For numerous reasons, ranging from the widening scale of labor markets to the integration of capital flows, many observers have suggested that the economic geography of the United States is now best understood in terms of “megaregions.” These are assumed to be large regional areas, often cutting across state lines, that are normally centered on major metropolitan hubs and include an orbit of smaller sub-centers. To divide the country into a mosaic of such megaregions, analysts typically rely on a loosely interpretive method which takes into account physical proximity, morphological integration, and cultural similarity, in order to group major and minor cities together with rural areas into coherent regional entities; e.g. Hagler [1] or Kotkin and Schill [2].

However, the empirical problem of dividing space into discrete, bounded, internally-homogenous regions has long been a vexed problem for geographers, with attempts at providing an objective method for regionalization stretching back more than a century [3–6]. While more recent scholarly work has emphasized concepts of connectivity and relationality as theoretical lines of inquiry which lead beyond the confines of bounded space [7–10], the goal of partitioning the United States into functional megaregions shows that the old problem of regional delineation remains very much alive—and unsolved. A geography based solely on what Khanna calls “connectography” [11] fails to offer a practical framework within which to define the bounded geographic areas which continue to mark out spheres of legal jurisdiction, planning authority, transportation, and political representation.

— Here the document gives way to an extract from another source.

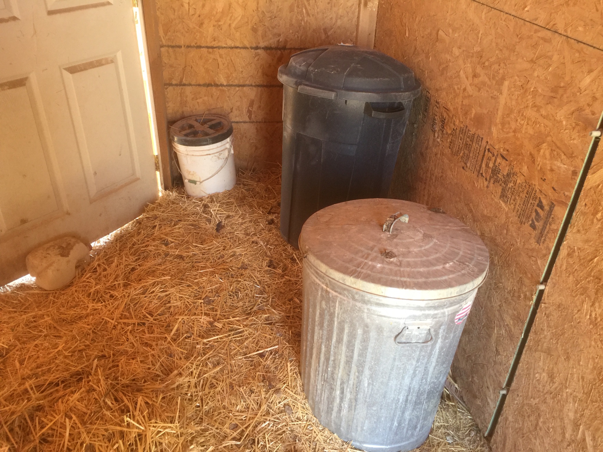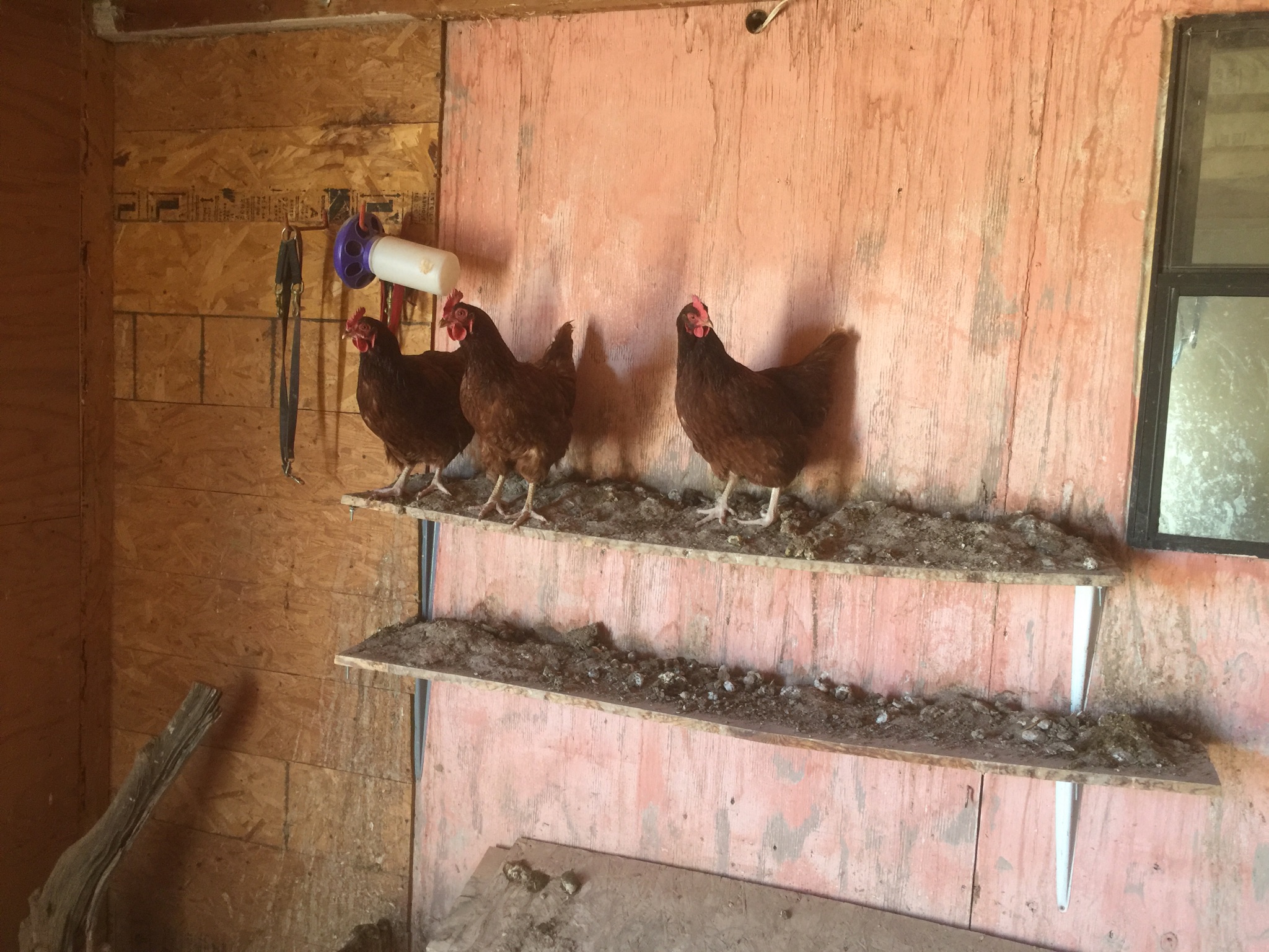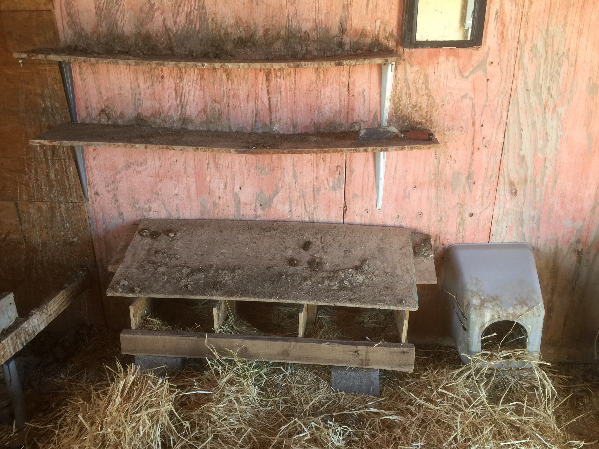 Since the flock is officially changing ownership, with Neighbor L taking over monthly subsidies and therefore management decisions from Landlady – I figured I’d better give the shelves their annual scrape. This batch of hens decided to roost up there, so they get six inches deep in shit pretty much moments after I clean them off. I put in the nesting box from the Fortress coop – it has two, but they only ever used one of them. And I set up a second feeder and waterer.

In this paper, our contribution is to offer an empirical approach to detecting and defining megaregions which takes the insights of a relational, flowing concept of geography and puts them to use in service of delineating coherent, bounded regions. We employ a data set of more than 4,000,000 commutes as a proxy for patterns of economic interconnection, given the importance of commutes in structuring the geography of labor markets [12,13]. The volume and resolution of this data set allows us to depict the interconnected nature of these labor markets at a national scale and, we hope, allows us to make a substantive methodological contribution to the study of megaregions in the United States.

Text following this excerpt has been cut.